An image-free reproduction of the data below is needed: print it exactly.

------ SUPPLIED DATA

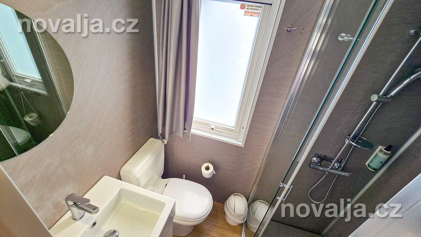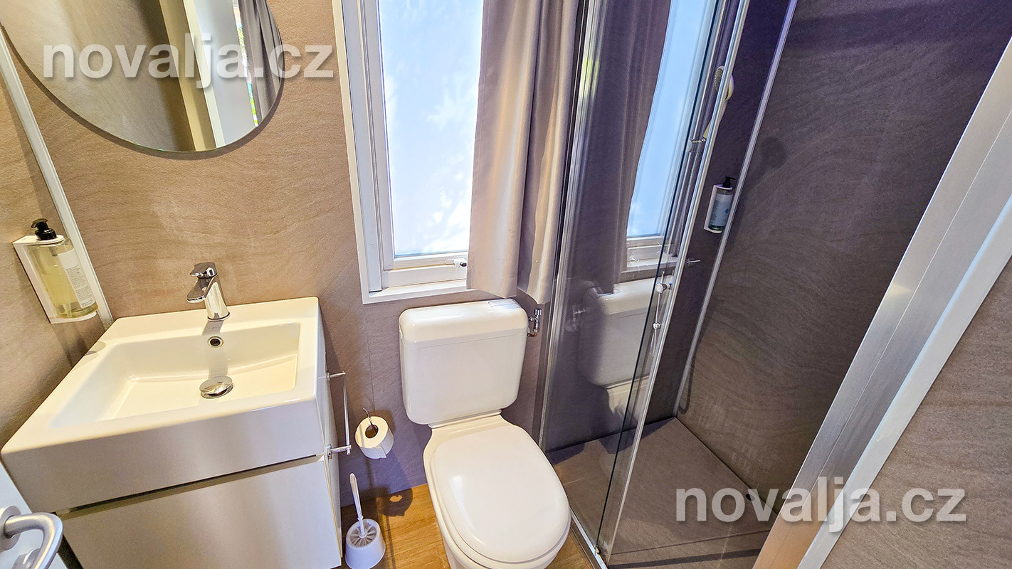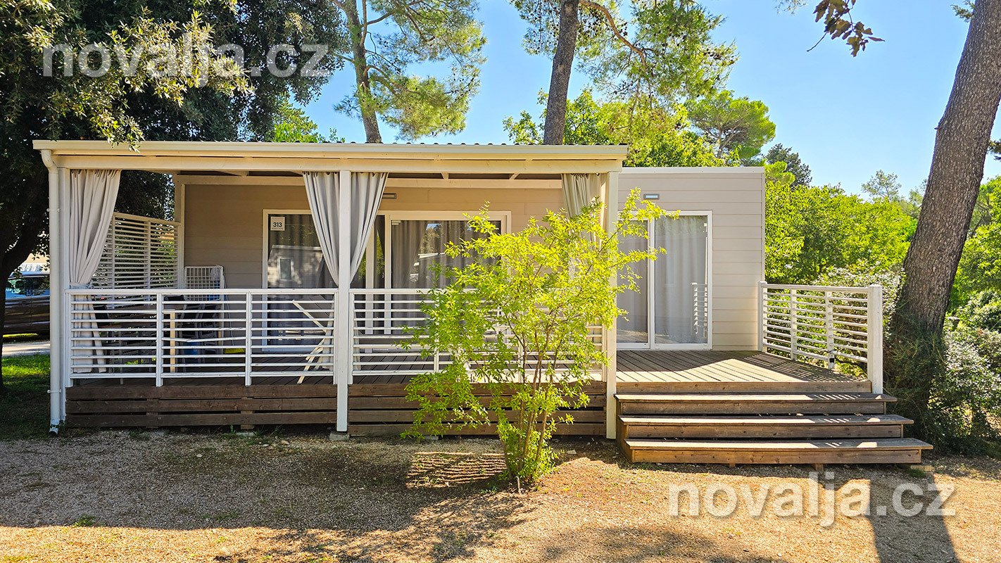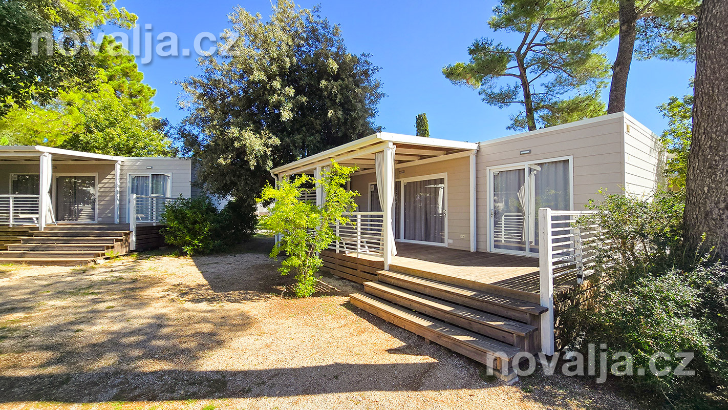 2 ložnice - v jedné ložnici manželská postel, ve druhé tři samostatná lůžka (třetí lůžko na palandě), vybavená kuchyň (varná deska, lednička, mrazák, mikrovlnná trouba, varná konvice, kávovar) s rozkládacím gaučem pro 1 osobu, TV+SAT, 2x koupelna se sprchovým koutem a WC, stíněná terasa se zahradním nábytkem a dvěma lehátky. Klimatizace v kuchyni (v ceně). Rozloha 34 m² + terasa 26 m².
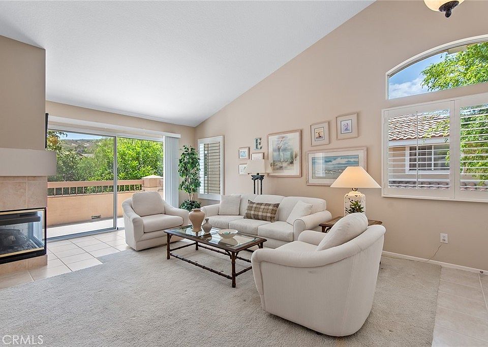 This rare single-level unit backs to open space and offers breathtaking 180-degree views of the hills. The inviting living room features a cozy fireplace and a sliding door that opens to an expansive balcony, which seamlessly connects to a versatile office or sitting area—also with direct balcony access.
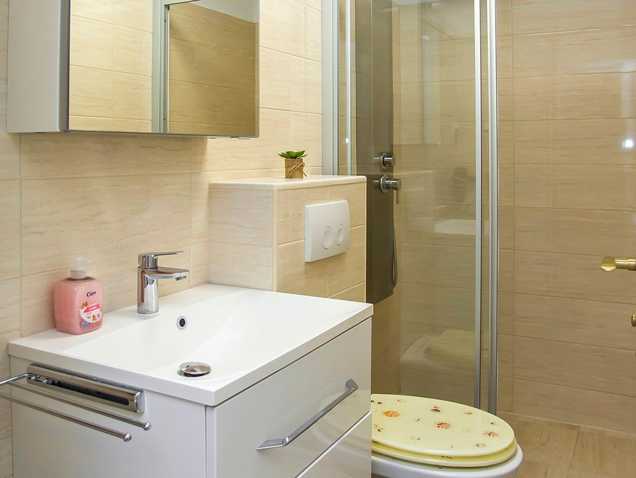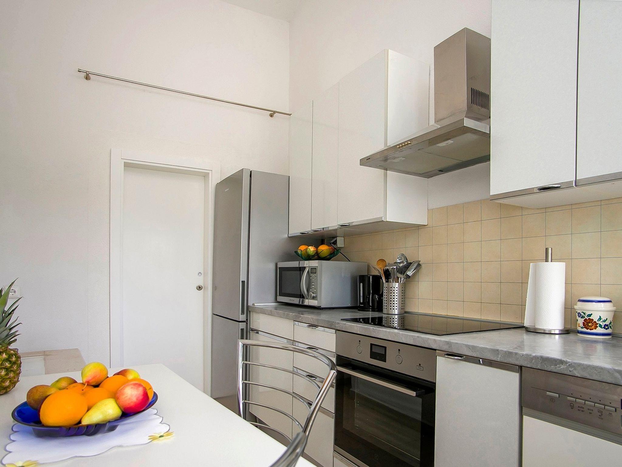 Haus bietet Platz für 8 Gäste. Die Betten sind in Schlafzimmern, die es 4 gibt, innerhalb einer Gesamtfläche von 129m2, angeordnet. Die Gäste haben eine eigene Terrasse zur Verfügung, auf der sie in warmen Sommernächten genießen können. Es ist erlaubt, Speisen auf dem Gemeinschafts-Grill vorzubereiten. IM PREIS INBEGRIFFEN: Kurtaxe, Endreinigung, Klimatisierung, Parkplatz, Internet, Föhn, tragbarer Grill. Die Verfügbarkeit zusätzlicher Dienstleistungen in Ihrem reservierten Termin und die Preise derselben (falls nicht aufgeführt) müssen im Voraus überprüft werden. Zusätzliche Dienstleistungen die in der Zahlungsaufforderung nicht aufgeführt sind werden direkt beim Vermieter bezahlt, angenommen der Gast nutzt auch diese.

------------

_EXERCISE RESULT:_
 2 ložnice - v jedné ložnici manželská postel, ve druhé tři samostatná lůžka (třetí lůžko na palandě), vybavená kuchyň (varná deska, lednička, mrazák, mikrovlnná trouba, varná konvice, kávovar) s rozkládacím gaučem pro 1 osobu, TV+SAT, 2x koupelna se sprchovým koutem a WC, stíněná terasa se zahradním nábytkem a dvěma lehátky. Klimatizace v kuchyni (v ceně). Rozloha 34 m² + terasa 26 m².
 This rare single-level unit backs to open space and offers breathtaking 180-degree views of the hills. The inviting living room features a cozy fireplace and a sliding door that opens to an expansive balcony, which seamlessly connects to a versatile office or sitting area—also with direct balcony access.
 Haus bietet Platz für 8 Gäste. Die Betten sind in Schlafzimmern, die es 4 gibt, innerhalb einer Gesamtfläche von 129m2, angeordnet. Die Gäste haben eine eigene Terrasse zur Verfügung, auf der sie in warmen Sommernächten genießen können. Es ist erlaubt, Speisen auf dem Gemeinschafts-Grill vorzubereiten. IM PREIS INBEGRIFFEN: Kurtaxe, Endreinigung, Klimatisierung, Parkplatz, Internet, Föhn, tragbarer Grill. Die Verfügbarkeit zusätzlicher Dienstleistungen in Ihrem reservierten Termin und die Preise derselben (falls nicht aufgeführt) müssen im Voraus überprüft werden. Zusätzliche Dienstleistungen die in der Zahlungsaufforderung nicht aufgeführt sind werden direkt beim Vermieter bezahlt, angenommen der Gast nutzt auch diese.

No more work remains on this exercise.